Nennen wir es beim Namen – Antimuslimischer Rassismus, eine lange deutsche Tradition

Die Debatte um das Kopftuch ist keine neue. Sie wird in Deutschland nun schon Jahrzehnte geführt. Interessant ist dabei eben auch, wer diese Debatten führt und wie sie geführt werden. Die Stereotypisierung und herablassende Fokussierung auf Hijab tragende Muslimas wird dabei oftmals als Mittel genutzt, um islamfeindliche Denkmuster zu verfestigen und Hijab tragende Muslimas auf ihre „äußere Erscheinungsform“ zu reduzieren. Bekannte Femonationalist*innen nutzen dafür oft das Narrativ der „unterdrückten Frau, die sie retten müssten“. Es sind also vor allem nichtbetroffene Personen, die über Teilhabechancen von Betroffenen entscheiden und den Rahmen für eine sogenannte „Neutralität“ setzen. Tragisch ist hierbei vor allem, dass die weiße Deutungshoheit anmaßend darüber bestimmt, dass eine Muslima, die einen Hijab trägt, in der Ausübung ihres Berufs keine Neutralität wahren könne.
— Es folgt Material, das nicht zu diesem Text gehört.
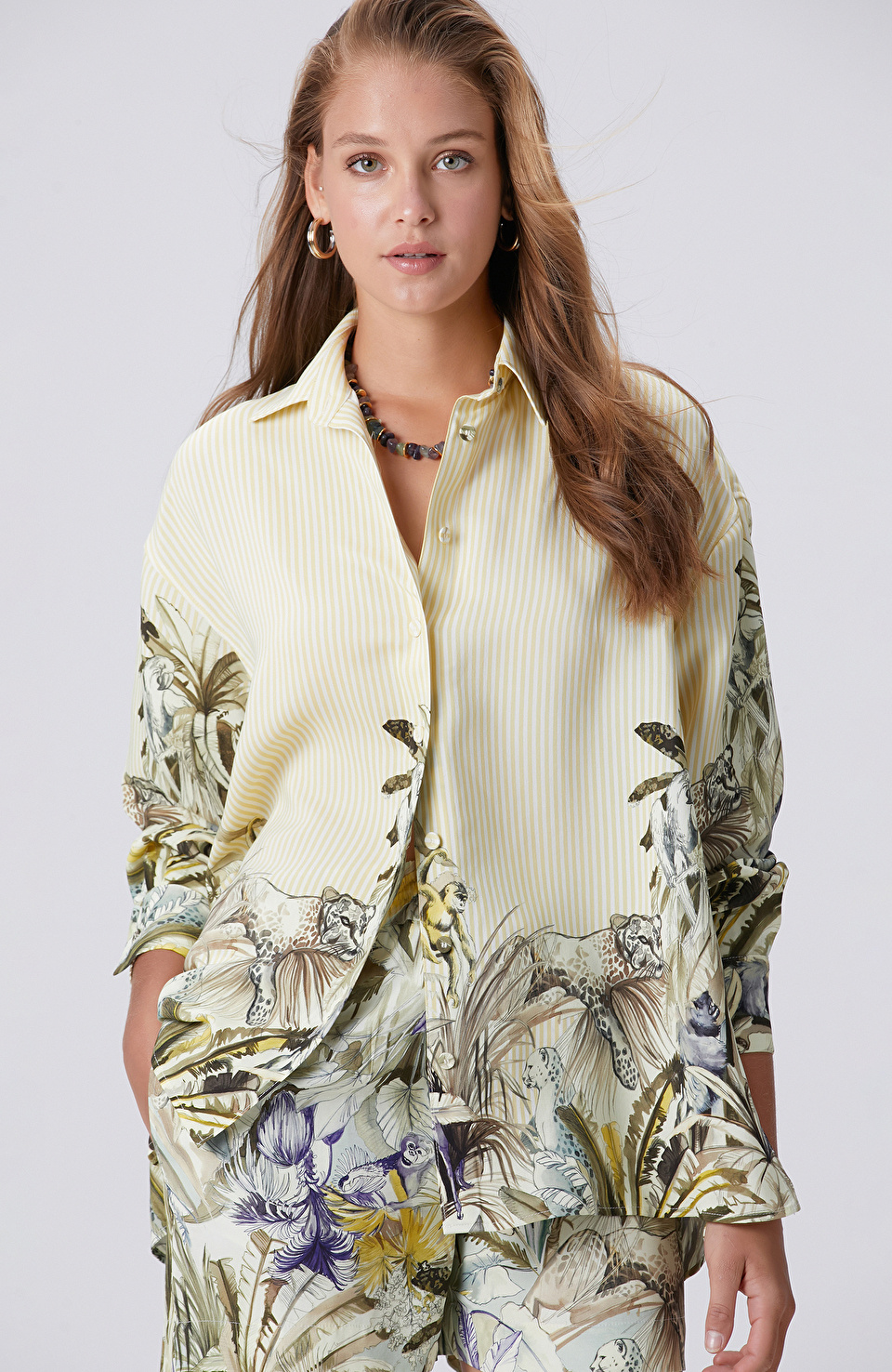 Sarı yeşil gömlek, her günün klasik kombinlerine canlı bir dokunuş ekleyen dikkat çekici bir parca. Uzun govdeli tipler icin idealdir; gomlegin yuvarlak ve bol kesimi vucudun dengesini saglar. Bahar ve yaz mevsimlerinde ofis-sonrasi bulusmalarda veya gece yuruyuslerinde cok uygun. Beyaz tisortle ve yuksek bel jean ile kombinleme, rahat ama stilli bir gozukum saglar. Ayni zamanda kahverengi canta ve siyah deri kemerle de cok guzel olur. Tavsiye edilen renk uyumu, beyaz ve yesil tonlarin bir araya gelmesidir. Gomlek, katlanmadan asmali ve icerde ceket altina da kullanilabilir. Her zaman bir ust giysinin temelini olusturabilir.

Die Infragestellung dessen befördert nicht nur rassistische Ressentiments gegenüber muslimischen Frauen – das beschlossene Gesetz lässt sie verstummen und macht sie unsichtbar – es reproduziert und verfestigt patriarchale Machtstrukturen, in dem es nicht-weißen, Hijab tragenden, muslimischen Frauen den Zugang in Strukturen verwehrt, in denen sie sowieso schon unterrepräsentiert sind.